- [Task brief]: Output nothing but the lines from the first line of the listing below through the line containing "股災餘波盪漾,加上財政部拋出", printed exactly and free of pictures.

- [Dataset excerpt]:
= Beginning of Section =

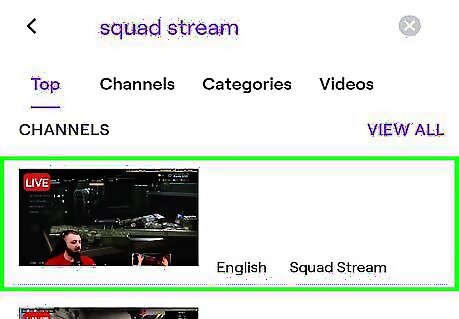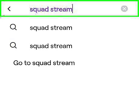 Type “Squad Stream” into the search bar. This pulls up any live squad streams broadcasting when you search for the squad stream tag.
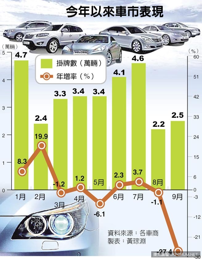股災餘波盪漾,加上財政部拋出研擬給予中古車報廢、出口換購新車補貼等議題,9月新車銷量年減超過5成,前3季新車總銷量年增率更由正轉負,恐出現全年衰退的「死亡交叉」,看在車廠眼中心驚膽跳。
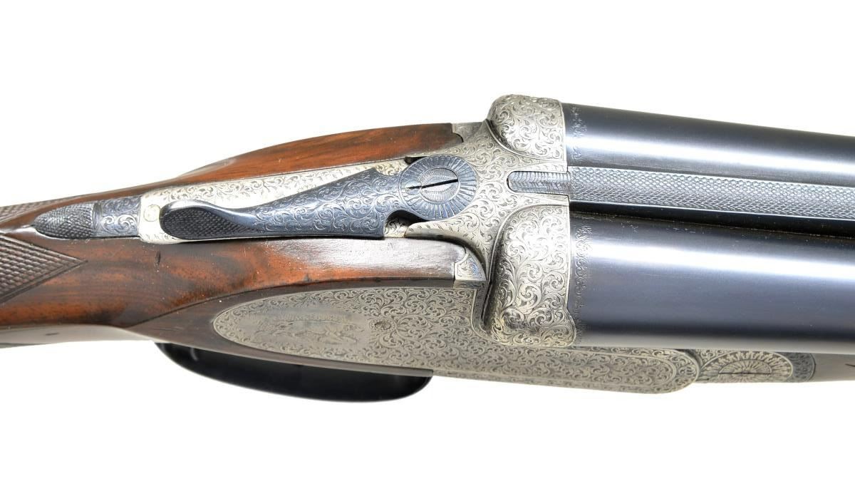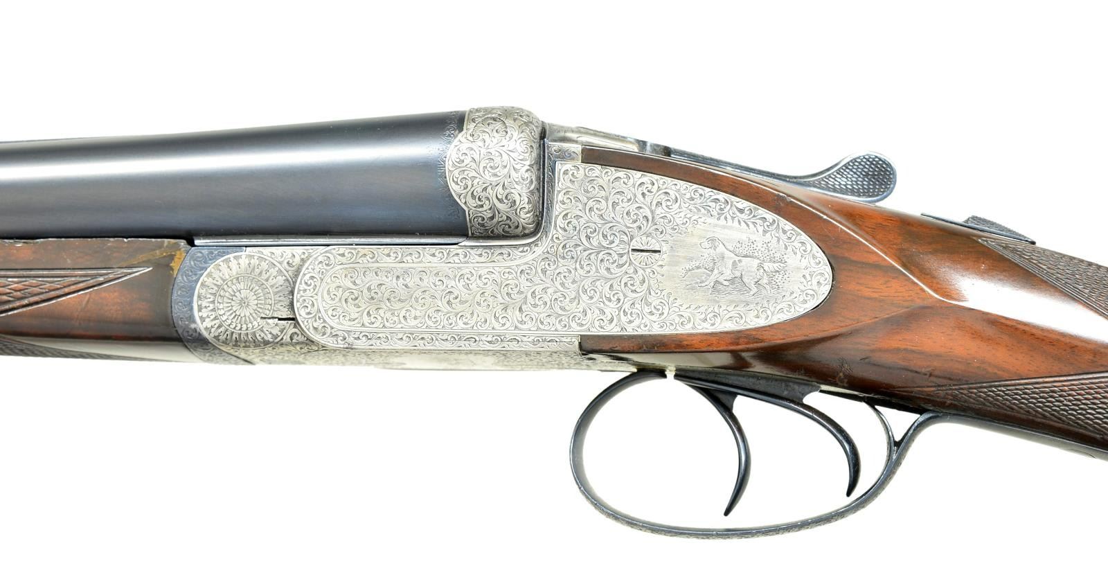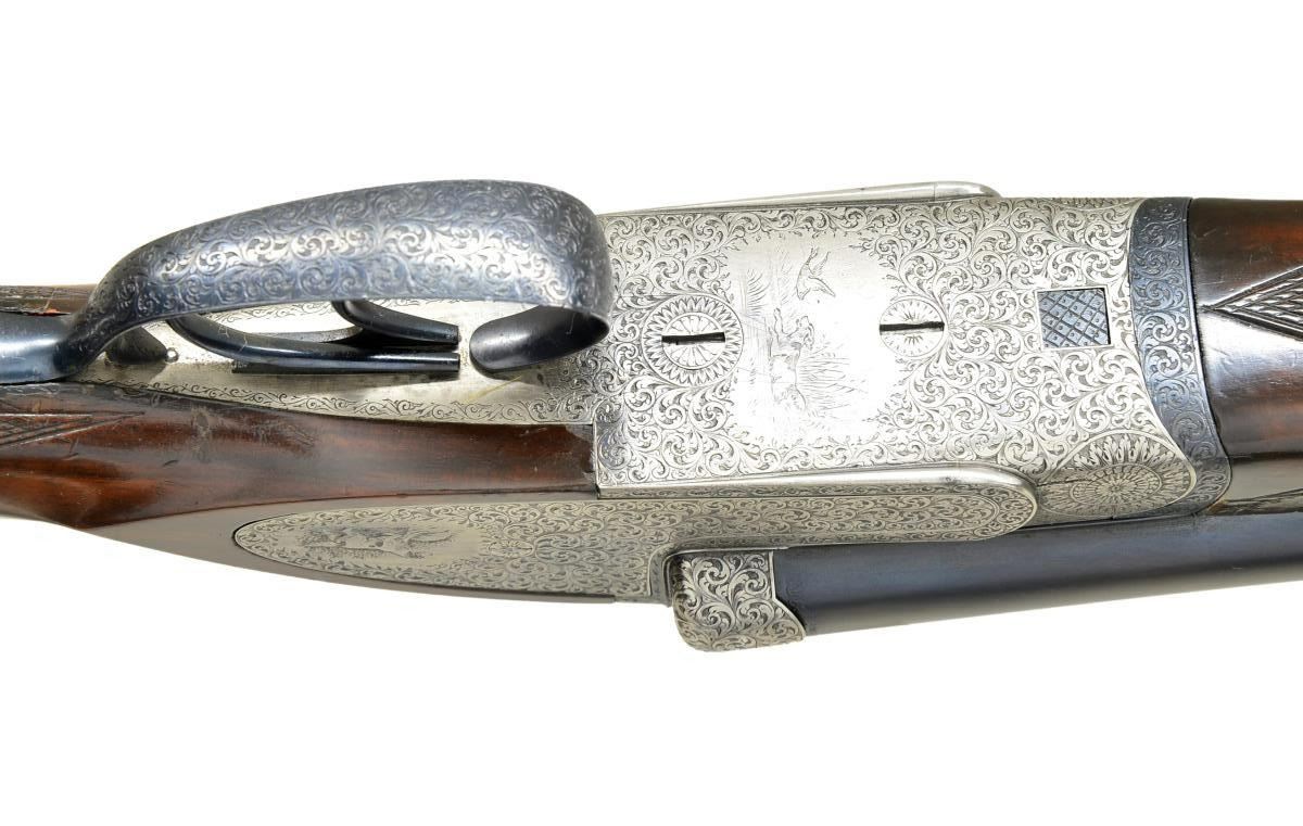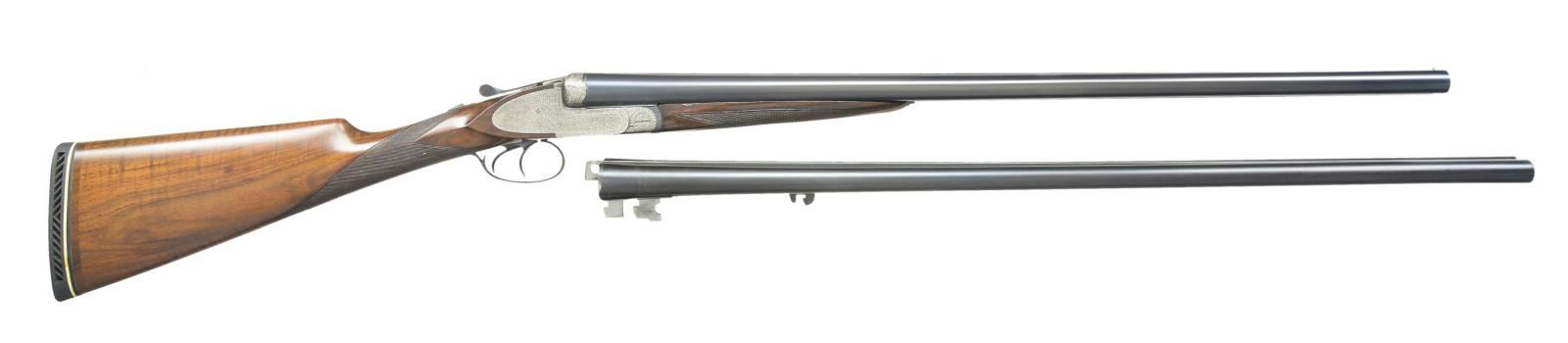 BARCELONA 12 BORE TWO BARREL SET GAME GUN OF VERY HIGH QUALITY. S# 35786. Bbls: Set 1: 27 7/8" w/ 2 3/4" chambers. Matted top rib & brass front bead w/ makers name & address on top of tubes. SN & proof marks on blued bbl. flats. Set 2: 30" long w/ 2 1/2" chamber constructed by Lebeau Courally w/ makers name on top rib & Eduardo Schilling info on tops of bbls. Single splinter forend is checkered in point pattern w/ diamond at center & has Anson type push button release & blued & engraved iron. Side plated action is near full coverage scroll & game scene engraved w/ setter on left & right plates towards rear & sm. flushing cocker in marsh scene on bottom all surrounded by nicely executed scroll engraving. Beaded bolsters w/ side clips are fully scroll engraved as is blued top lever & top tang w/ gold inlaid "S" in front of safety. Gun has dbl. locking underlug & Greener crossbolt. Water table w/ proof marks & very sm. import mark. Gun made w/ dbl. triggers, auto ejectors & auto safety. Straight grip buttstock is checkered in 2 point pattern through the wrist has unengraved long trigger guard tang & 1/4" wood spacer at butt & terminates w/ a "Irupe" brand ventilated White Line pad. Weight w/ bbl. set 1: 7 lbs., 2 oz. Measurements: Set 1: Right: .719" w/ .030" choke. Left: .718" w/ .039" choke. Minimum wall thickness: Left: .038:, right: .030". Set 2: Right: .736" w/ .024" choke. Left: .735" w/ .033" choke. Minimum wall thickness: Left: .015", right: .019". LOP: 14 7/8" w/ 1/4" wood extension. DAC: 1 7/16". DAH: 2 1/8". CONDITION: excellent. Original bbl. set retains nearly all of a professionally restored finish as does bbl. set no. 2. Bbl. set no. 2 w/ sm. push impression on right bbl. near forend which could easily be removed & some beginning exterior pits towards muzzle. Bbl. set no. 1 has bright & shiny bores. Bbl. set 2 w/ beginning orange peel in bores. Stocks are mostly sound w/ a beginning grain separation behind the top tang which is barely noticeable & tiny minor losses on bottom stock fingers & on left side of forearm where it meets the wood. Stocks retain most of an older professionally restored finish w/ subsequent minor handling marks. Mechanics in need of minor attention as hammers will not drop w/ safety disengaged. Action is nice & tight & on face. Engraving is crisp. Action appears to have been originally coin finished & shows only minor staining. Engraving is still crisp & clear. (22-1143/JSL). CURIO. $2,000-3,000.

= End of Section =

- [Problem solution]:
 Type “Squad Stream” into the search bar. This pulls up any live squad streams broadcasting when you search for the squad stream tag.
股災餘波盪漾,加上財政部拋出研擬給予中古車報廢、出口換購新車補貼等議題,9月新車銷量年減超過5成,前3季新車總銷量年增率更由正轉負,恐出現全年衰退的「死亡交叉」,看在車廠眼中心驚膽跳。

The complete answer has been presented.